Draft Aftermath: How Did the Eagles Fare?

The expert analysts have been busy handing out grades in the wake of the NFL draft – the Eagles got a B-plus from ESPN’s Mel Kiper Jr. – even though they have no idea how any of the college players selected in the draft will fare in the NFL. History is filled with high-round busts and low-round bonanzas and we won’t really know which is which for at least a couple of seasons.

If nothing else, we can stick a pin into the Eagles’ take-the-best-player-available balloon. General manager Howie Roseman has always made it a point of pride to say that he sticks to his big board regardless of positional need, and then the Eagles went out and took a player that most experts had rated much lower, but a player who mans a position where they need help.

Not that we’re ripping the selection, outside linebacker Marcus Smith, because, as stated previously, we have no idea how he’ll play in the NFL. He could be a perennial Pro Bowl player or he could be Brandon Graham. Talk to me in a year or two and we’ll figure it out then. Maybe Chip Kelly really is smarter than the rest of us.

Of course, if quarterback Johnny Manziel – who was selected by Cleveland with the 22nd overall pick the Browns acquired from the Eagles – ends up being a Hall-of-Famer and Nick Foles ends up a journeyman, then this will go down as one of the worst trades in Eagles history. Again, let’s talk in a couple of years.

But there is one draft-day trade the Eagles made that I don’t mind criticizing right now. I felt going into the draft that defensive tackle was a primary need because the Eagles got little or no pressure on the quarterback up the middle last season, and the Eagles did take a DT, Beau Allen of Wisconsin, in the seventh round. But it’s just a fact that seventh-round picks rarely make it big if they make it at all, and the Eagles had a chance to take one of the highest-rated defensive tackles on the board, Notre Dame’s Louis Nix, in the third round. Instead, they swapped that pick to Houston – which immediately grabbed Nix – for the Texans’ fourth- and fifth-round selections, which they used on cornerback Jaylen Watkins of Florida and defensive end Taylor Hart of Oregon, respectively.

If Watkins and Hart end up becoming long-time starters or even solid contributors, then the Eagles got two players for the price of one.
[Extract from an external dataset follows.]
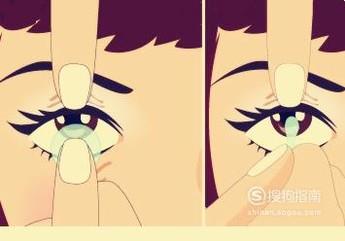 右手的中指将下眼睑拉开,用食指将镜片轻轻放在眼睛内部,按照同样的方法佩戴另一只即可。

But I’ve always been of the opinion that I would rather have one great player than two good players, and even though Nix probably won’t be a great player, he has a better chance of being a franchise-type foundation.

The Eagles are fortunate they don’t have to throw Marcus Smith right into the fire. It will take him time to learn to play the NFL game and the Eagles rotate their defensive players a lot, so he will get playing time without having to be a starter.

And that means the Eagles’ 2014 draft pick who will probably have the biggest impact as a rookie is their second-round selection, wide receiver Jordan Matthews of Vanderbilt, the leading receiver in the history of the Southeastern Conference.

The starting wide receivers will be Jeremy Maclin and Riley Cooper, but everything else is up for grabs. Other than Matthews, the other wide receivers on the Eagles roster include Damaris Johnson, Jeff Maehl, Arrelious Benn and Brad Smith. They were all low draft picks or rejects from other teams and Matthews will be given every opportunity to win the job as the No. 3 receiver. And for a team that passes as much as the Eagles do, the No. 3 receiver is an important job.

The Eagles also took a wide receiver in the next round, Jeff Huff or Oregon. Whereas Matthews is a big, physical receiver, Huff is a smaller, quicker player. How that translates to the NFL remains to be seen.

As for the rest of the draft picks, well, nobody knows. Some may find roles on the varsity, some will end up on the practice squad and some will be looking for work elsewhere. There are always some unknowns who sneak onto the roster and sometimes they even become stars, but for the most part they were drafted in the fifth, sixth and seventh rounds for a reason. The Eagles current unofficial depth chart has seven starters who were taken in those rounds or not drafted at all, but the bulk of the lineup is filled with blue-chippers – 14 of the 22 starters were selected in the first three rounds.

In the 2013 draft – the first with Kelly as coach – four of the top five picks ended up playing significant roles – tackle Lane Johnson, tight end Zach Ertz, defensive tackle Bennie Logan and safety Earl Wolff.

If the Eagles get the same kind of production and contribution from the first three or four players in this year’s draft, then it will be a success and it won’t matter what grade Mel Kiper gives them.